Whiskeyjack, according to Carnegie members, was a drug addict. She was stabbed just 2 1/2 blocks away from controversial projects for addicts that have drawn world attention to the Downtown Eastiside: the supervised drug injection site and the free heroin dispensing project. But whether she used these services is unknown.

Several patrons and staff at Carnegie Center knew Whiskeyjack, as she used to come around. She apparently picked up her mail there, as a regular recalls seeing the name "Whiskeyjack" on the list at the reception desk for people who use Carnegie as their mailing address.

Whiskeyjack was stabbed multiple times, according to the media. There are conflicting stories at Carnegie; one story is that she was stabbed in the neck, another is that her throat was slit. Paramedics would have been close by as the Fire Hall is at the end of the block where she collapsed.

Whiskeyjack's boyfriend is a suspect. The word on the street is that he is hispanic, although that has not been confirmed.

[Makes you wonder if he could be one of the many hispanic illegals on the Downtown Eastside selling drugs. Even the other drug dealers are fed up with these illegals. They tell them to scram because they are quick to draw "heat".]

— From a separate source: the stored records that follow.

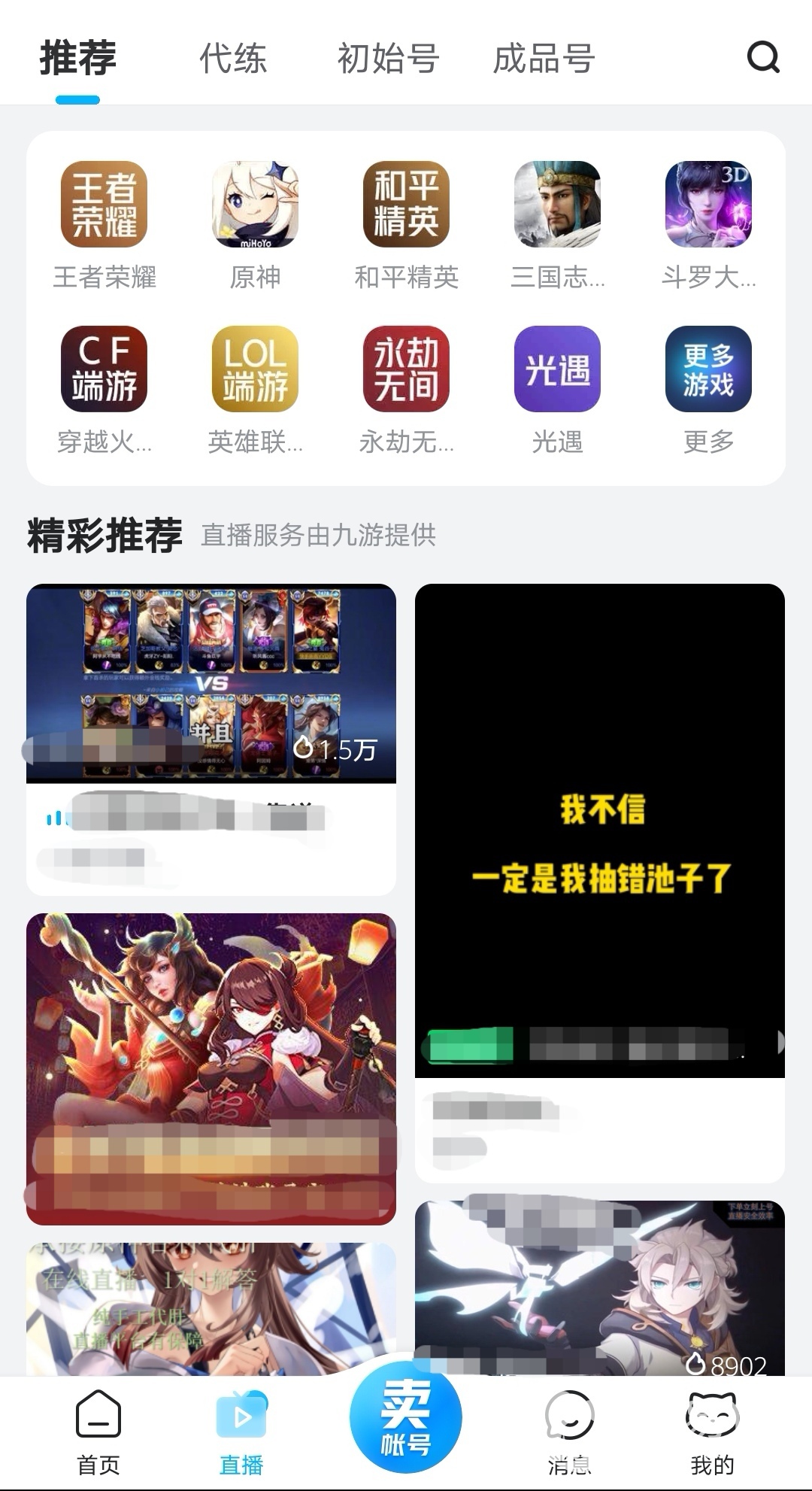 第三种,有一些人会选择在交易猫当中进行直播,在直播间当中大家可以去看到各种各样的游戏账号,一些主播也会对游戏账号进行估值估价,这样就能够让大家去了解自己的账号到底值多少钱了,有理有据地进行评估和评判,这样才能更容易的将自己的账号出售,并且让更多的买家看到。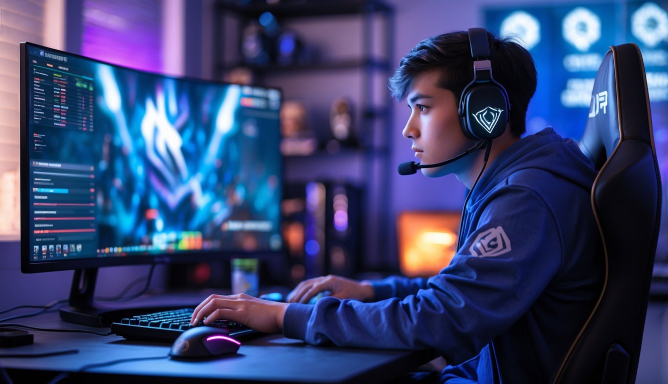 Seorang pemain muda fokus bermain Dota 2 di depan komputer dengan peralatan gaming lengkap di ruangan yang terang.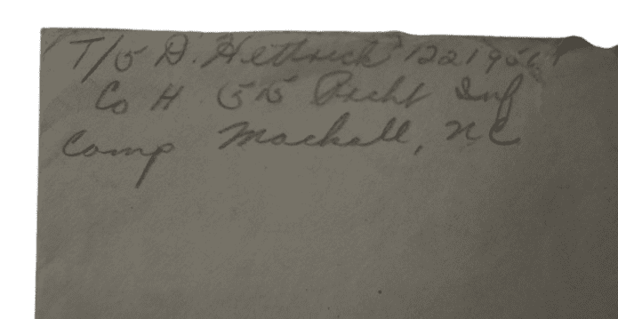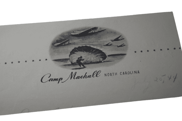 LETTRE T/5 DAVID HETTRICK 13TH AIRBORNE CAMP MACKALL 1944
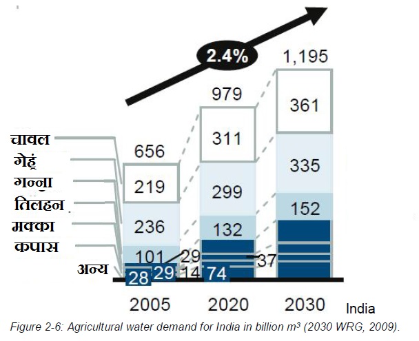 जाहिर है इस बढ़ी आबादी को खाने के लिए अनाज चाहिए होगा, नहाने और धोने के लिए पानी चाहिए होगा. अनाज उगाने के लिए पानी भी मौजूदा संसाधनों से ही खींचा जाएगा. असल में, पानी की मांग आबादी में बढोतरी के साथ उपभोक्ता मांग और विश्व बाजार के विकास से भी होता है.

The Main Rooms is a drug scene. About three years ago, just before Christmas, Downtown Eastsiders walking into the Univeristy of B.C. Learning Exchange next door to use the free public access computers saw evidence of this. They watched as half a dozen bodies were carried down onto the street from the Main Rooms. All had died from the same batch of drugs in the same room.

The Main Rooms, like numerous low-rent rooming houses on the Downtown Eastside, is owned by Betty Woo. Woo has a reputation amongst longtime Downtown Eastside residents for being a good landlord, believe it or not. She is occasionally around the Downtown Eastside with her husband Jimmy who sometimes carries a repair kit.

"It was like an episode of CSI," a Carnegie regular repeatedly said of the scene on Saturday, the day after the murder. "People in white outfits were going into the Main Rooms and there were police vans and trucks."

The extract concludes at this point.